• **DIRECTIONS FOR THIS TASK**: The task calls for each line of the records below in which the word "were" appears.

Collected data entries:
══════════════════════════════

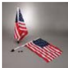
Parade Flags (Slightly Used)

Part #: 605-523 Was $13.99 each, Now $9.99 each 2 Available
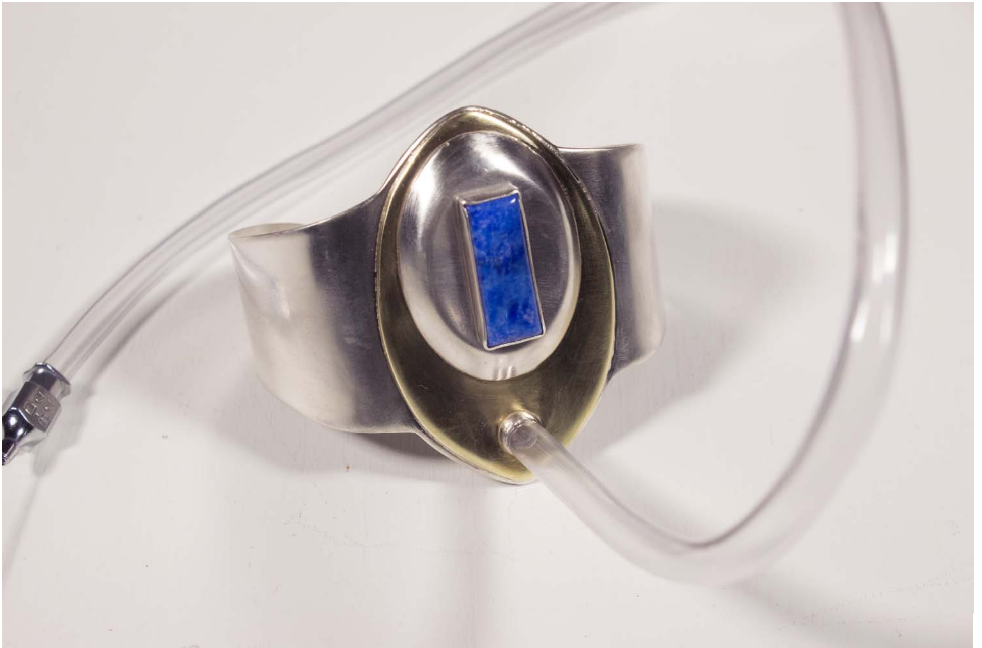
Figure 4: Recreational Chemical Pleasure Inducer (2).
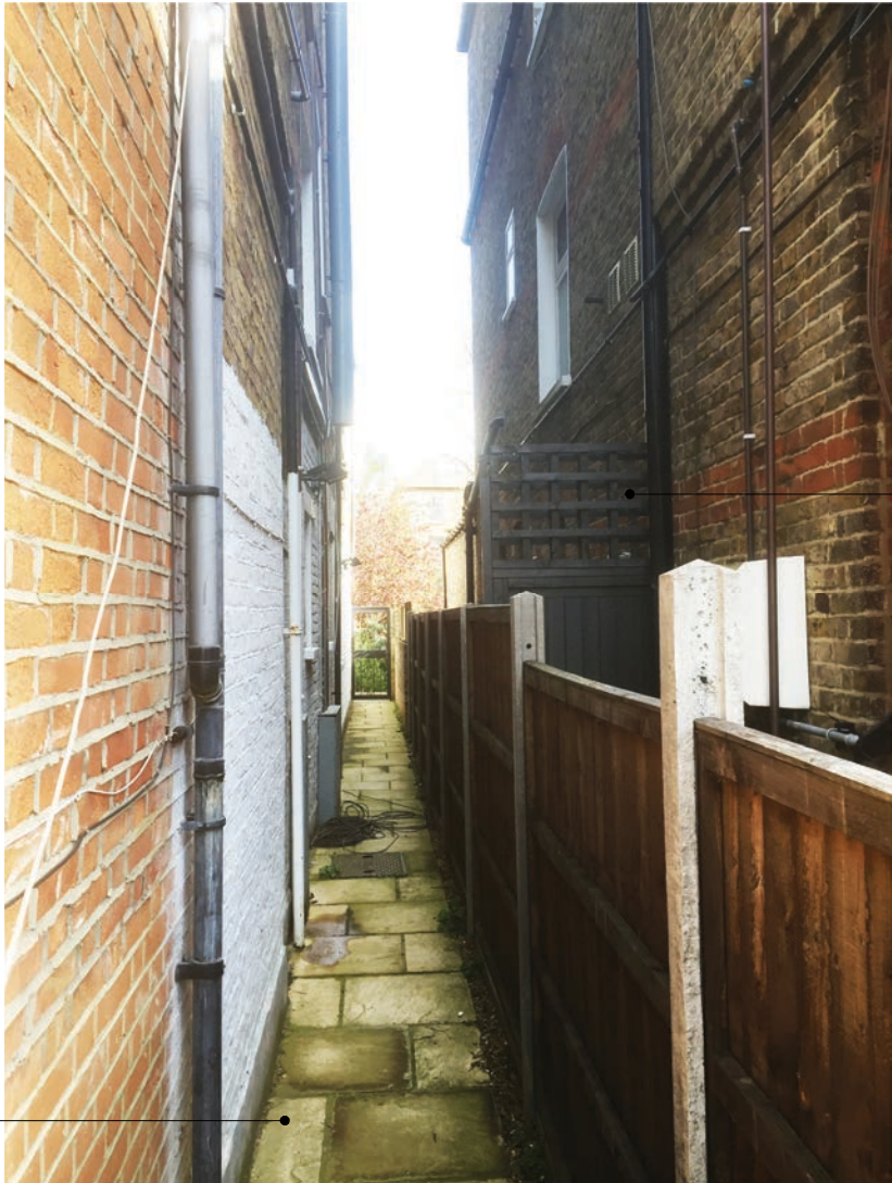
No. 74 Canfield Gardens
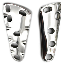
GV-TPLO DEL 27BR 2.7 Broad Right
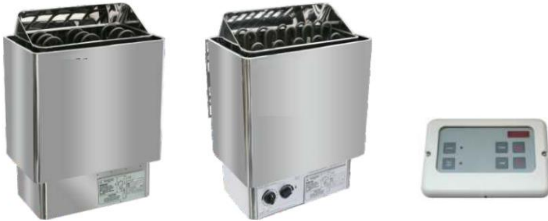
WAV – 6 SERIES
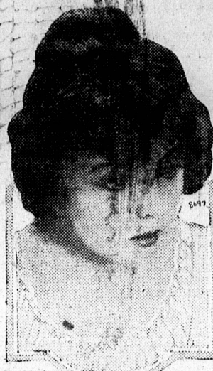
ENID BENNETT in "Happy Though Married"

Is your Marriage a success or a failure? Lots of couples who are trying to kid the world they are happy, will be deeply interested in the problems which come up in this picture, and how Enid Bennett handles them! Her husband is just like yours. Newspaper and all. And you can do what Enid Bennett does! A hundred laughs for the married folks, and single ones too.
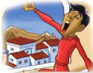
Mexico City 6:00 A.M.
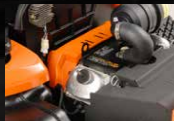
Removable Engine Cover

*When in use, consult operator manual and handle with care.
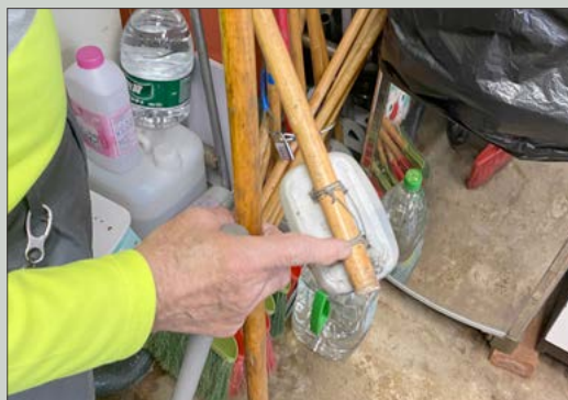
Cleaning workers applied enduring wisdom to their daily work by using DIY tools
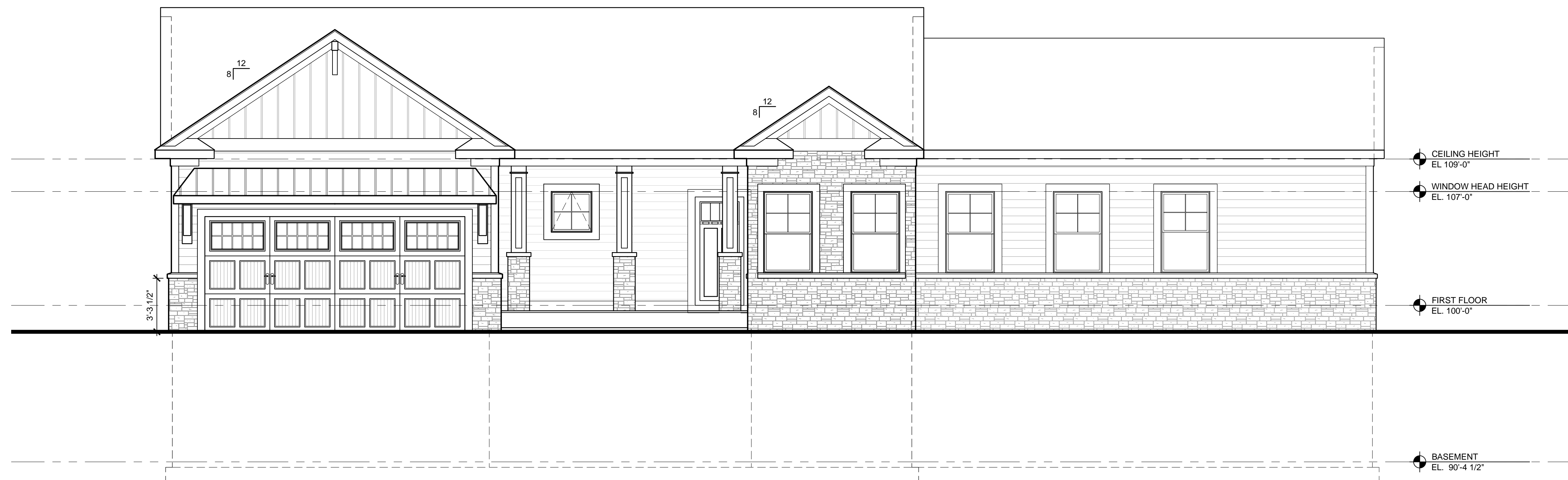
CHELSEA FRONT ELEVATION BASE ELEVATION

Provide color 3D rendering similar to other housing style prior to planning commission meeting.
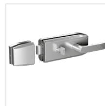
handle with cylinder lock (stainless steel)
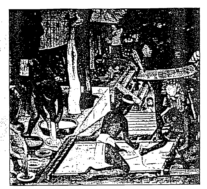
Mural by Diego Rivera from Ian James, Inside Mexico

Preschool-Gr. 2. This bilingual collection of 13 well-known Latino nursery rhymes includes favorites that have been passed down through generations. However, many of Cooney's illustrations depict stereotyped scenes of barefooted peasants in quaint, rural settings.
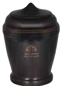
Emperor 71215620 Sophisticated copper urn shown with optional engraving
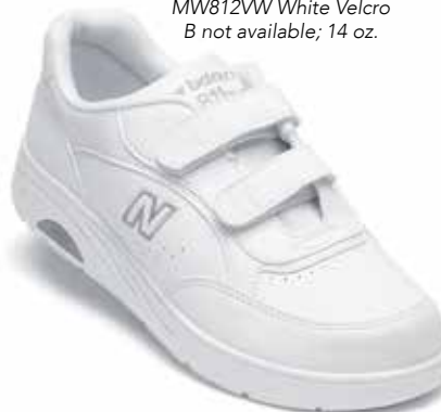
MW812VW White Velcro B not available; 14 oz.
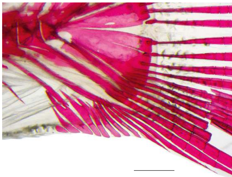
Fig. 4. Serrapinnus zanatae ; MZUSP 5133, paratype male, 36.8 mm SL; ventral procurrent caudal-fin rays. Lateral view, anterior to left. Scale bar 1 mm.

over maxillary bone, infraorbitals and opercular apparatus. Opercular apparatus, infraorbitals 3–6 and branchiostegal rays silver in some individuals due to concentration of guanine. Ventral region of head pale or with a few scattered dark
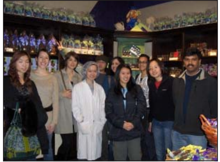
BCFT Students recently visited Purdy's Chocolates in Vancouver as part of three different student tours of local food companies.

Purdy's Chocolate was a delightful tour, where the chocolate making process was fully discovered from caramel filling to coconut clusters. This tour put into
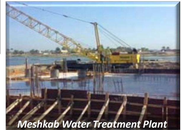
Meshkab Water Treatment Plant
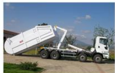
FORK LIFTING TRUCK
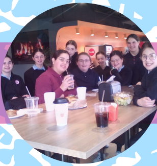
7th Grade Girls Siyum at the Orange Spot for finishing Parshas Korach!
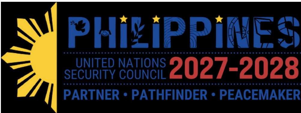
Annex 2: Prospective logo for the pouch (to be confirmed)
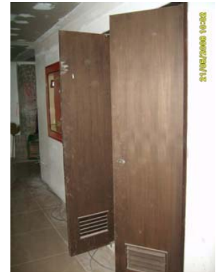
Pict 30 : Shaft Door painting
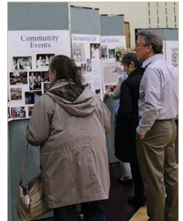
Photos and newspaper clippings from early years were on display.
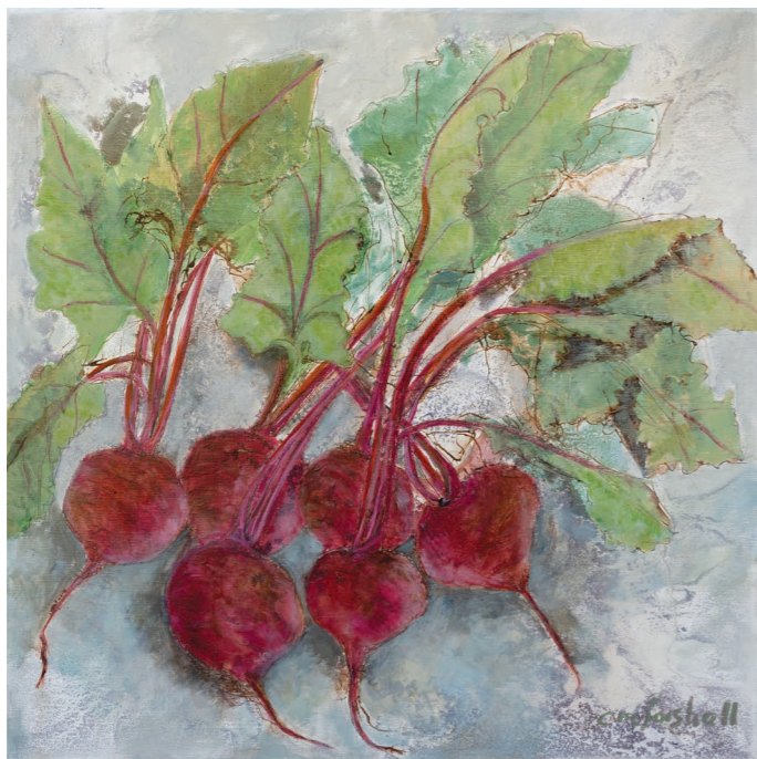
Les Betteraves acrylic on canvas 23½ x 23½ in / 60 x 60 cm
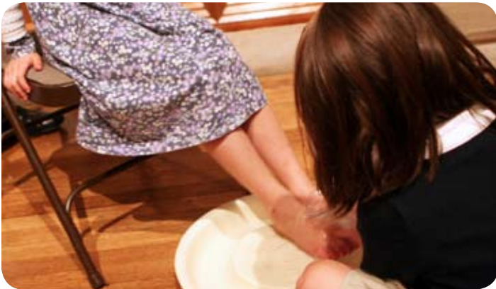
During Calvary's Maundy Thursday service, individuals and families of all ages participated in the footwashing.
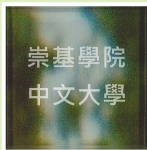
馬賽克瓦片樣本 Mosaic tile samples (60mm × 60mm)

這約2萬塊瓦片將會併砌出宏偉的崇基牌樓圖案，展現𧯛力量，寓意众志成城，齊心合力成就「崇基學生發展綜合大樓」，支援崇基同學實現夢想！
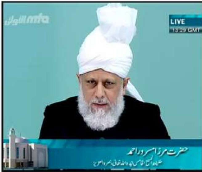
Sermon Delivered by Hadhrat Mirza Masroor Ahmad (aba); Head of the Ahmadiyya Muslim Community
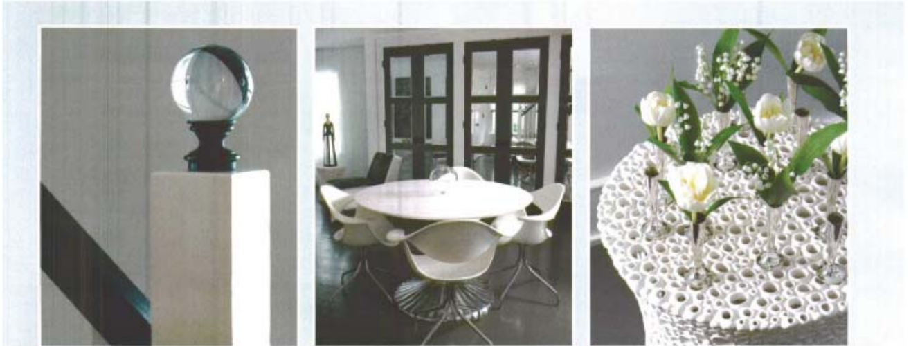
Crystal Ball | The staircase (Inial Gove 1217) was made with a solid glass ball from the end of the curtain rod. It's My Secret | Custom-made exterior-grade doors by TruStile (above concrete) conceal storage closets. The white table from Oly Studio and chairs from Design Within Reach create a dining area. White On White | Tiny bud vases with a single bloom from Botanica Floral Design (above floor) adorn an Oly Studio side table. Designs For Living | A stately clock from Elech van Breems presides over the "formal" living area (below) defined by four Mitchell Gold-Bob Williams chairs covered in fabric from Designer's Guild. The mannequin sculpture is from Lillian August. An ever-flowing antique urn and the floor lamp from Anthropologie continue the glass ball theme, while a photograph by Tre Cassetta complements the color scheme. See Resources.
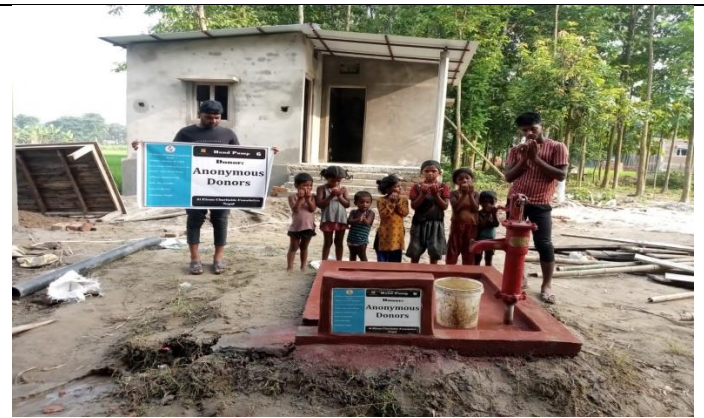
Hand Pump ( Well No:006)
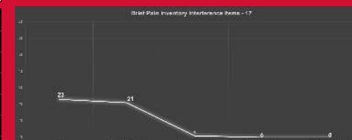
Figure C. Results of BPI-I7
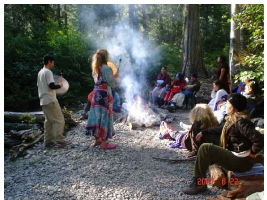
The Questors joining the Group of Supporters
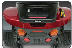
Full Lighting Package

The Pursuit ® incorporates a blend of power, style and performance to handle rugged outdoor terrain. The powerful drivetrain, 24 Volt, 4-pole motor for increased power, 3.56" ground clearance and maximum speed of 8 mph combine power and torque to accelerate your active lifestyle. Standard features include feather touch disassembly, wraparound delta tiller, 13" low-profile solid tires, front and rear suspension, high-back reclining seat, full lighting package, infinitely-adjustable tiller, front basket and rearview mirror. Available in Red and Silver.
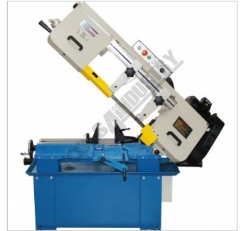
Front View Head Fully Up
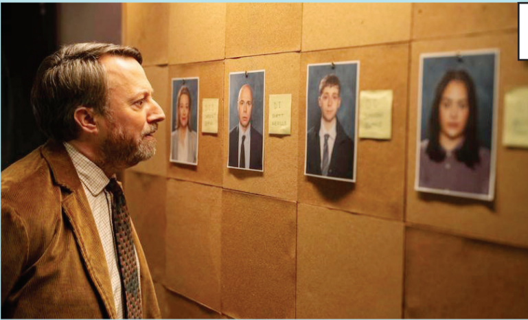
Ludwig begin op BBC Brit op DStv op 18 Maart.
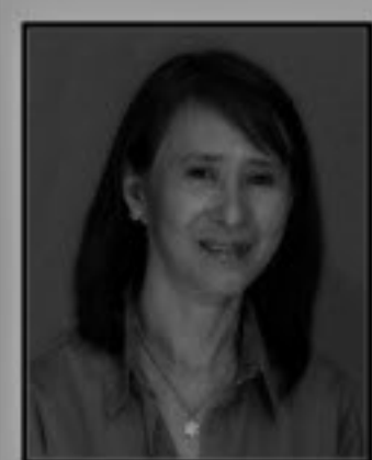
Md. Zillur Rahman

Khoda Hafez, May Bangladesh Live Forever.
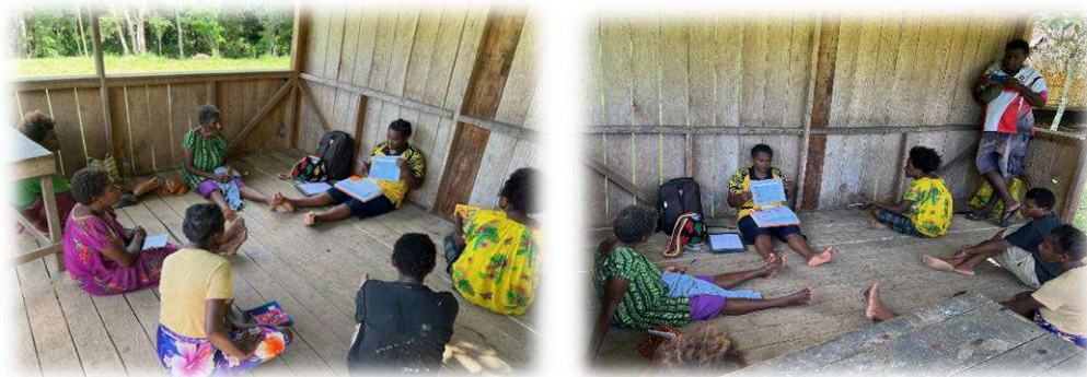
Refresher Training for CMVs done at Hoiya HC for CMVs under Hoiya HC catchment Wide Bay, Pomio District

Pictures above shows Community Malaria Volunteers (CMVs) receiving their Certificates as well as their working materials (Gumboots, T-shirts, malaria flip charts, hand sanitizers, RDTs and ACTs). Picture 1 is at Maskikle Ward, picture 2 is at Bain Ward and picture 3 is at Lop Ward, this CMV had to use her canoe to paddle out to the team on the dingy because of no proper bay for the dingy to go in, all in East Pomio LLG Wide Bay. All these CMVs are under Guma HC catchment area, meaning all their reports will go to Guma HC and they will also receive their ACT and RDT supplies from Guma HC.
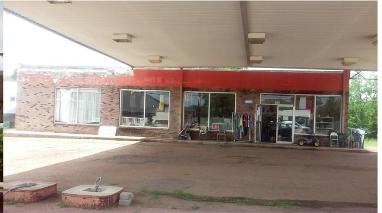
CITY LIMITS UTICA, Mississippi (05/2017) - Businesses STRUGGLING To Survive AMONG Those That FAILED!
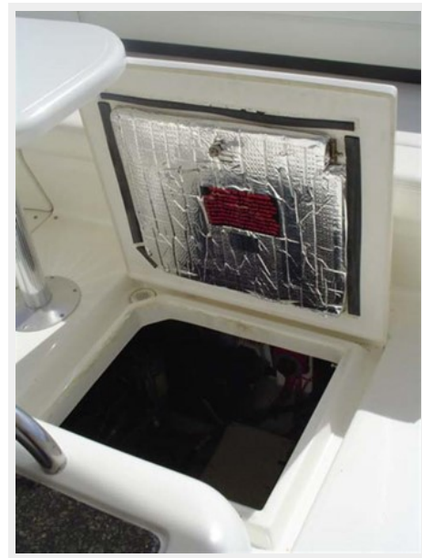
Cockpit Hatch for quick access to Engine Compartment
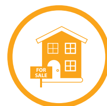
Affordable & social
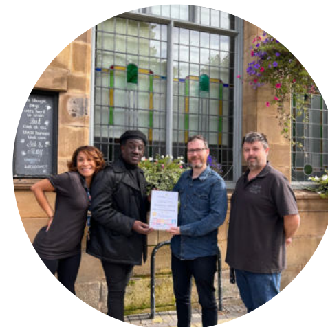
Fighting Cocks MOST BLOOMING BOOZER
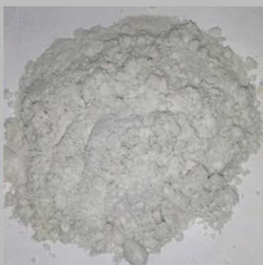
Acetyl MPDSA Powder
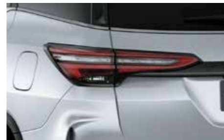
LED Rear Combination Lamp
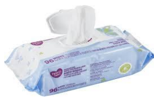
Baby Wipes & Hand Wipes
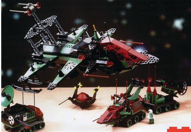
Early Space Police concept from around 1986.

"When we started LEGO Space it was difficult to make bricks in a lot of new colors, or to make new parts. The helmet had to work in space, castle and town for example." Explains Jens: "The colors of the early space sets were a result of this. If we had a lot more new colors then the wings would probably have been white, not grey, in those early ships. We started with
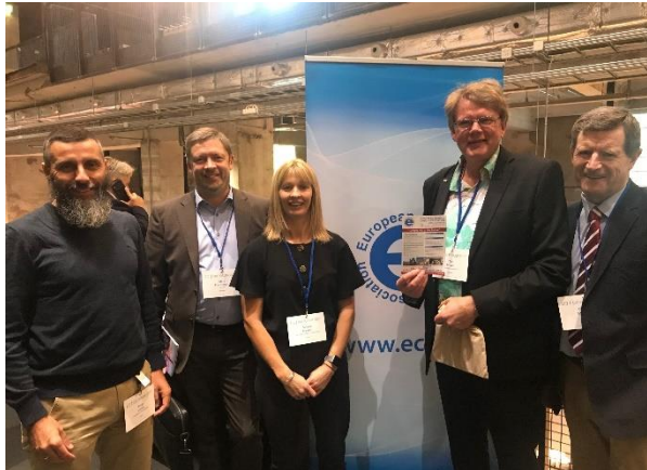
Members of the Student eID Framework project advisory committee at the eID Forum

In conclusion, the organisation and management of this event was of a very professional high standard, it provided an excellent opportunity to network and for knowledge sharing from the sessions delivered by global experts in the industry.

══════════════════════════════

• **ANSWER TO THIS EXERCISE**:
Photos and newspaper clippings from early years were on display.
"When we started LEGO Space it was difficult to make bricks in a lot of new colors, or to make new parts. The helmet had to work in space, castle and town for example." Explains Jens: "The colors of the early space sets were a result of this. If we had a lot more new colors then the wings would probably have been white, not grey, in those early ships. We started with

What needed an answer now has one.